In a multiprocessor with atomically accessible memory an appropriate refinement of condition 4.2 becomes easy. In such a system, memory coherence is upheld if a Load to a memory location always returns the value of a Store, to the same memory location, performed most recently before the Load is performed. Note, that this definition of memory coherence does not imply sequential consistency. Processors could still issue memory accesses out of program order: in this case, memory coherence is maintained, but sequential consistency is violated. However, sequential consistency does imply memory coherence in multiprocessors with atomic memory accessibility.

In systems without atomic memory accessibility the concept of memory coherence becomes much more difficult to interpret. This is due to the fact that the time at which a Store is performed with respect to distinct processors varies for each processor. An event having occurred "recently" with respect to one processor may occur in the future with respect to another processor. If such a multiprocessor should be sequentially consistent then it is less ambiguous and simpler to rely on the rules of sequential consistency as the conditions of correctness rather than to prove memory coherence.

#### A. Strong Ordering of Memory Accesses

Strong ordering of memory access is the hardware quality of a multiprocessor which guarantees sequential consistency without further software aid. Note that a nonstrongly ordered architecture can be made to appear sequentially consistent with proper compiler support. In a system with access atomic memories, it is easy to see that accesses are strongly ordered by simply performing them in program order. That is, to guarantee strong ordering of accesses in such a system, accesses must be initiated and issued so that they will be performed in order. This is true because before the access has been performed, it can be considered as "private" to the processor that issued it. Immediately after they are performed, a Store affects all other processors and a Load ceases to be affected by all

other processors at the same time. The only problem is therefore to ensure that successive accesses from the same processor affect or are affected by all other processors in program order. It can generally be assumed that it is simple to control the sequencing of accesses up to the issuing level.

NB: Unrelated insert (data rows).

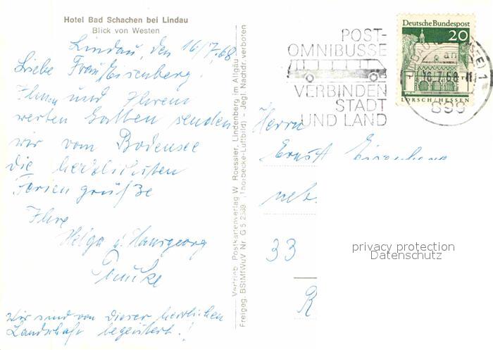 72798112 alte Postkarte Bad Schachen Lindau Fliegeraufnahme postalisch gelaufen Erhaltung siehe scans [AndreD76] KatCode: 11110009776116
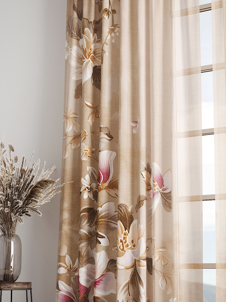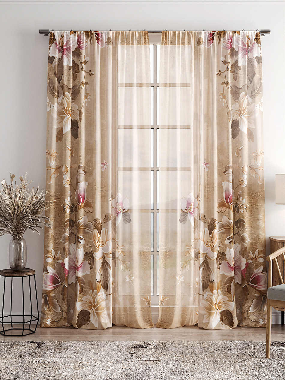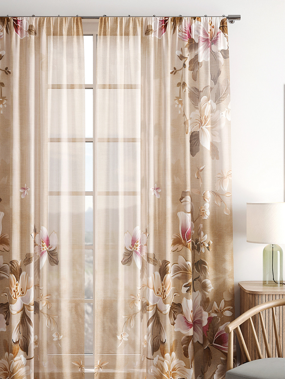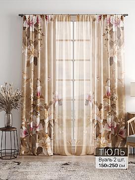 Тюль 2 шт. Легкая основа (вуаль) оформлена фотопечатью. Вуаль с матовой полупрозрачной текстурой. Отличается особым шиком, идеально подходит для создания воздушных штор. Придает ощущение свежести, хорошо пропускает воздух. Ткань неприхотлива в уходе, хорошо стирается без разрушения волокон с течением времени за счет высокого кручения нитей.
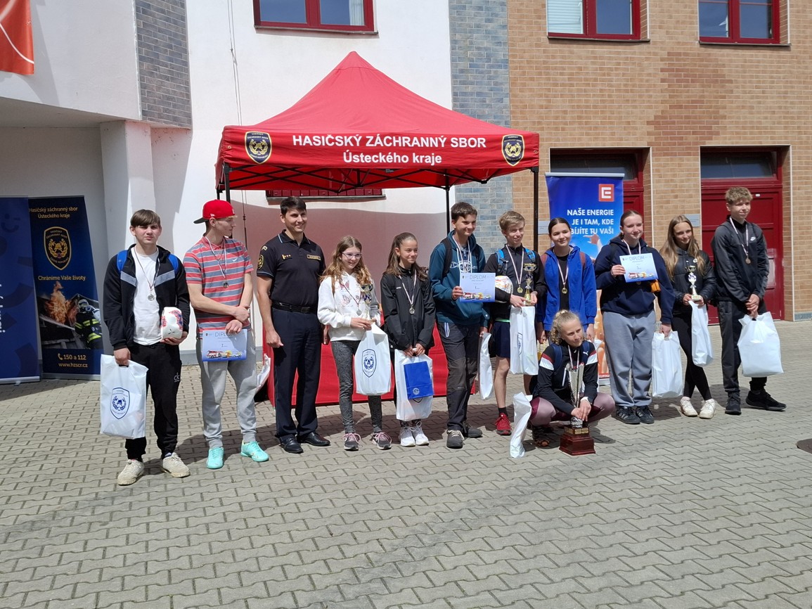 Dne 6.5.2025 se 4 vybraní žáci druhého stupně zúčastnili soutěže Mladý záchranář. Akce proběhla v areálu centrální hasičské stanice Teplice. Žáci prošli celkem 13. stanovišti, kde museli splnit úkoly z různých oblastí, které prověřily jejich znalosti, dovednosti a fyzickou zdatnost např. test dopravních znalostí, vázání uzlů dle předlohy, práce s buzolou, průlez polygonem, kde jsme přišli o pár bodů díky překročení časového limitu. Naopak se nám velmi dařilo v poskytování první pomoci a při resuscitaci.
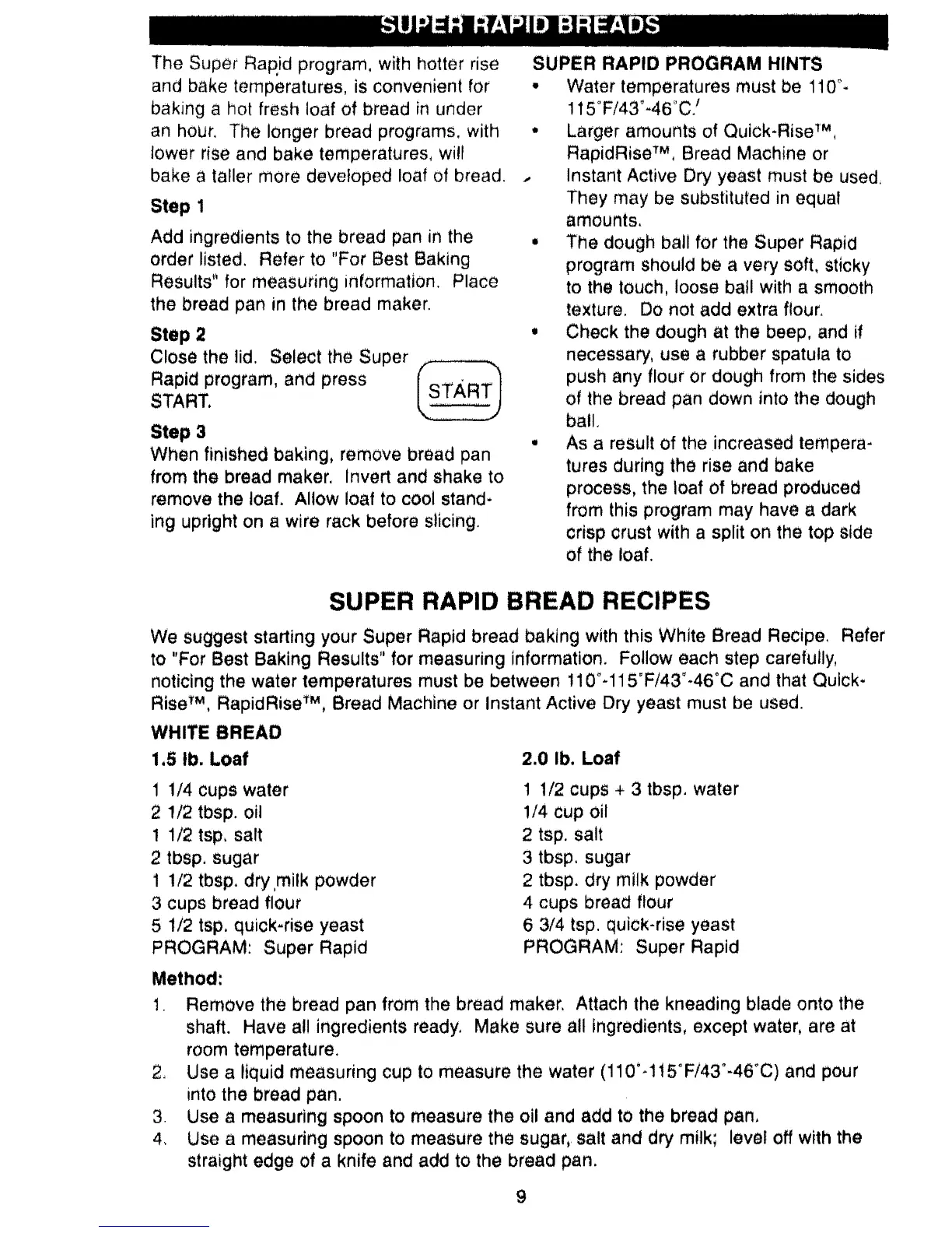 We suggest starting your Super Rapid bread baking with this White Bread Recipe, Refer

Once an access is issued it must not be possible for subsequent access by the same processor to pass it.

Condition 6.1—Strong Ordering of Memory Accesses in Systems with Access Atomic Memory: Strong ordering of memory accesses is preserved in multiprocessors with atomic memory accessibility if individual processors perform all accesses in program order.

It is easy to see that condition 6.1 enforces sequential consistency and thus memory coherence [23], but the question remains whether it is necessary. In Fig. 7, three program fragments are given. They are sequences of Loads and Stores on different variables. For each fragment a specific condition for sequential consistency is given. It can be seen that if any two accesses belonging to the same process are performed out of order, then this condition may be violated.

A distinct problem is the possibility that a processor bypasses the memory system for successive accesses to the *same* variable, a technique called short-circuiting in [20]. A Load on a variable directly following a Store on the same variable can bypass the memory because the resulting interleaving is ordered. However, the Store must be performed before any other subsequent access to a different shared variable can be performed. In essence, the atomic memory accessibility of condition 6.1 is violated if short-circuiting is allowed. Therefore, a multiprocessor which allows short-circuiting does not constitute a system with access atomic memory, per se. Consequently, the conditions defined in the next section should be applied.

Condition 6.1 is not sufficient to satisfy strong ordering in a system where the memory is not access atomic. Take for example the program fragment of Fig. 8(a) further illustrated in Fig. 8(b). In this program, if L2(A) reads the value produced by S1(A), and if L3(B) returns the value produced by S2(B), then L3(A) must also return the value produced by statement S1(A). However, if, for some reason, event S1(A) takes much more time to propagate to processor P2 than it does to processor P3, then there may be enough time (depending on conflicts and distances) for P2 to perform event L2(A), then S2(B), and for P3 to perform L3(A) on a value of A previous to S1(A). This is not an ordered interleaving of accesses.

The necessary condition for strong ordering of memory accesses can be derived from the paper by Lamport [23].

Condition 6.2—Strong Ordering of Memory Accesses in Systems with Nonaccess Atomic Memory (I): Strong ordering of memory accesses is preserved in systems with nonaccess atomic memory if accesses by any one processor are performed in program order with respect to each processor, and if the order in which all Stores are performed is the same with respect to all processors.



Fig. 7. Behavior of three program fragments in a sequentially consistent system.

| Processor 1 | Processor 2 | Processor 3    |
|-------------|-------------|----------------|
|             |             |                |
| S1(A)       | L2(A)       | L3(B)<br>L3(A) |
| •           | S2(B)       | L3(A)          |
|             |             |                |
| •           |             |                |

(a)



Fig. 8. (a) Three processes sharing variables A and B. (b) Possible outcome of concurrent execution of programs in 8(a).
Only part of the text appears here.